Efficiently break up a string based on the nth occurrence of a substring using R

Question

Introduction

Given a string in R, is it possible to get a vectorized solution (i.e. no loops) where we can break the string into blocks where each block is determined by the nth occurrence of a substring in the string.

Work done with Reproducible Example

Suppose we have several paragraphs of the famous Lorem Ipsum text.

library(strex)
# devtools::install_github("aakosm/lipsum")
library(lipsum)

my.string = capture.output(lipsum(5))
my.string = paste(my.string, collapse = " ")

> my.string # (partial output)
# [1] "Lorem ipsum dolor ... id est laborum. "

We would like to break this text into segments at every 3rd occurrence of the the word " in" (a space is included in order to distinguish from words which contain "in" as part of them, such as "min").

I have the following solution with a while loop:

# We wish to break up the string at every 
# 3rd occurence of the worn "in"

break.character = " in"
break.occurrence = 3
string.list = list()
i = 1

# initialize string to send into the loop
current.string = my.string

while(length(current.string) > 0){

  # Enter segment into the list which occurs BEFORE nth occurence character of interest
  string.list[[i]] = str_before_nth(current.string, break.character, break.occurrence)

  # Update next string to exmine.
  # Next string to examine is current string AFTER nth occurence of character of interest
  current.string = str_after_nth(current.string, break.character, break.occurrence)

  i = i + 1
}

We are able to get the desired output in a list with a warning (warning not shown)

> string.list (#partial output shown)
[[1]]
[1] "Lorem ipsum dolor sit amet, consectetur adipiscing elit, sed do eiusmod tempor incididunt ut labore et dolore magna aliqua.
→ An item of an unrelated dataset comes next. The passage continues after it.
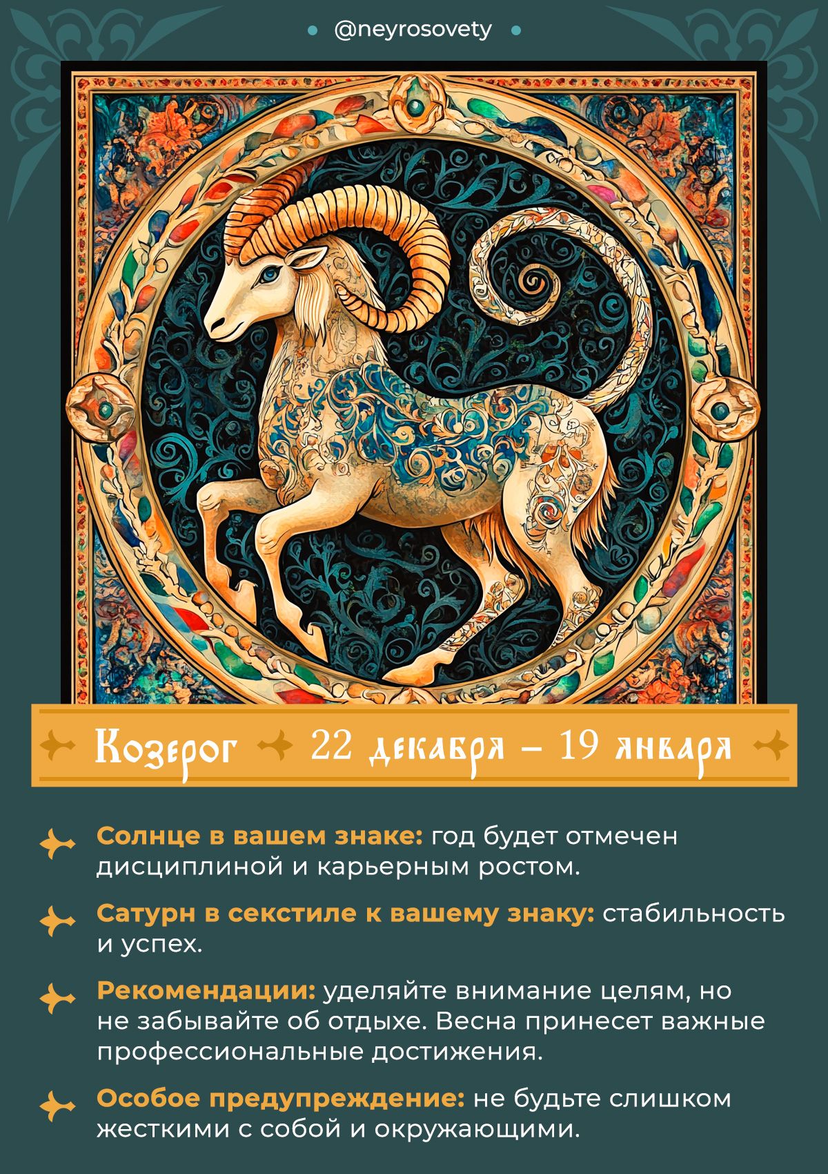 Солнце в вашем знаке: Год будет отмечен дисциплиной и карьерным ростом. Сатурн в секстиле к вашему знаку: Стабильность и успех. Рекомендации: Уделяйте внимание целям, но не забывайте об отдыхе. Весна принесет важные профессиональные достижения. Особое предупреждение: Не будьте слишком жесткими с собой и окружающими.

Ut enim ad minim veniam, quis nostrud exercitation ullamco laboris nisi ut aliquip ex ea commodo consequat. Duis aute irure dolor in reprehenderit"

[[2]]
[1] " voluptate velit esse cillum dolore eu fugiat nulla pariatur. Excepteur sint occaecat cupidatat non proident, sunt in culpa qui officia deserunt mollit anim id est laborum.  Lorem ipsum dolor sit amet, consectetur adipiscing elit, sed do eiusmod tempor incididunt ut labore et dolore magna aliqua. Ut enim ad minim veniam, quis nostrud exercitation ullamco laboris nisi ut aliquip ex ea commodo consequat. Duis aute irure dolor"
...

[[6]]
[1] " voluptate velit esse cillum dolore eu fugiat nulla pariatur. Excepteur sint occaecat cupidatat non proident, sunt in culpa qui officia deserunt mollit anim id est laborum.  Lorem ipsum dolor sit amet, consectetur adipiscing elit, sed do eiusmod tempor incididunt ut labore et dolore magna aliqua. Ut enim ad minim veniam, quis nostrud exercitation ullamco laboris nisi ut aliquip ex ea commodo consequat. Duis aute irure dolor"

Goal

Is it possible to improve this solution by vectorizing (i.e. using apply(), lapply(), mapply() etc.). Also, my current solution cut's off the last occurrence of the substring in a block.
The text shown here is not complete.